Automation is everywhere in the media business — for example, delivering sports scores, corporate results and many mind-numbing lists, chats and quizzes. I don’t doubt that ChatGPT, among other AI offers, can help with these tasks.
In its current state, though, ChatGPT is only an AI language model, which means it doesn’t have the ability to search for articles or trawl the web for you in real-time and give you those results.
Therefore, it’s limited in the capacity it has to replace humans at their job (depending on their job). Ultimately, the real value-add it brings to a business is when it’s used within existing business functions and processes to save time and make tasks easier for workers. But it’s not at the point where it can replace the all-important ‘human element’.

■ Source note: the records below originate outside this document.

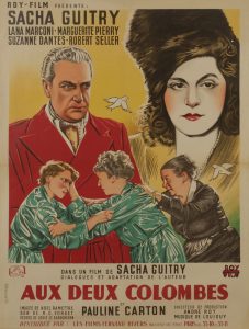 [Sacha GUITRY]. AFFICHE pour le film Aux Deux Colombes, 1949. Impression couleurs de J.E. Goossens, Lille-Paris. 84 x 59 cm.
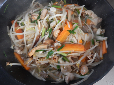 1.フライパンに油を入れて中火で熱し、豚肉、シーフードミックス、にんじんを入れて炒める。
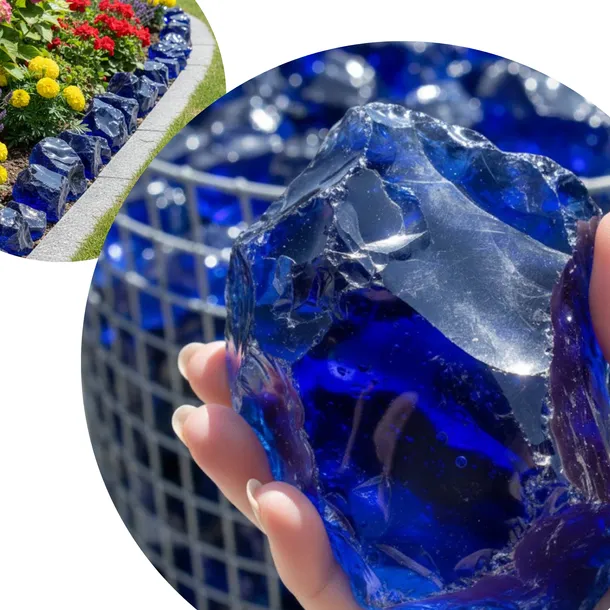 BRYŁY SZKLANE KAMIEŃ NIEBIESKI SZKŁO DO GABIONÓW DO OGRODU 20kg 10-20cm
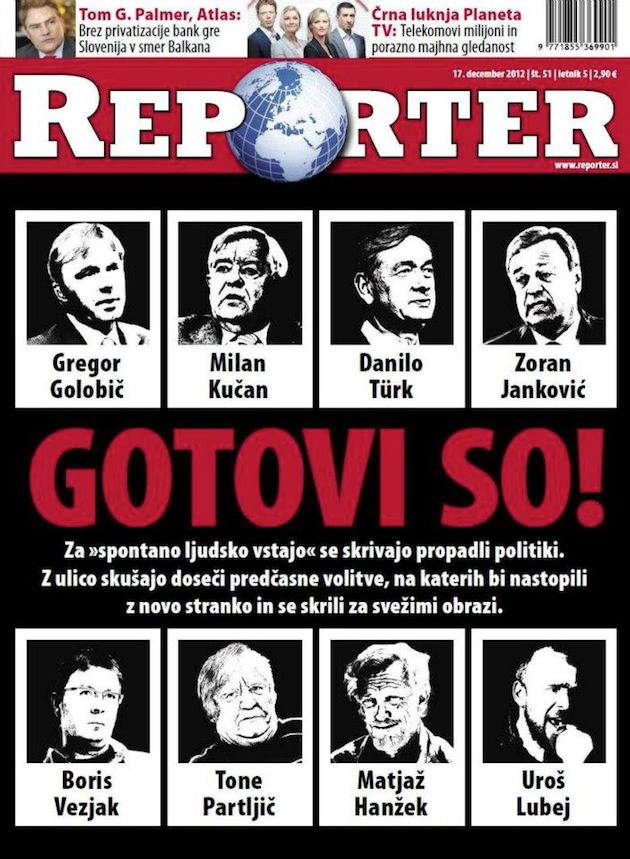 Za domnevno spontano ljudsko vstajo se skrivajo propadli slovenski politiki, med njimi Danilo Türk, Zoran Janković in Gregor Golobič, ki skušajo z ulico doseči predčasne volitve, na katerih bi nastopili z novo stranko. V njej naj bi se povezali člani strank, ki so postale »gotove« na zadnjih volitvah in se tako skrili za svežimi obrazi. Očitno so skritim organizatorjem stvari ušle iz rok, saj skrajneži iz njihovih vrst napovedujejo ustanovitev nove začasne vlade na vsesplošni slovenski ljudski vstaji, ki bo 21. decembra v Ljubljani.

So, after the exercise of writing this piece, I’ll sleep a little easier over whether AI is an existential threat to VitalBriefing, comfortable that while it can even help us with some of our essential tasks, it can’t do what we do – searching, finding and presenting customised, business-critical news and developments to our clients.
But I admit to tossing and turning a bit over the real battleground for the moment: the false perception that it could.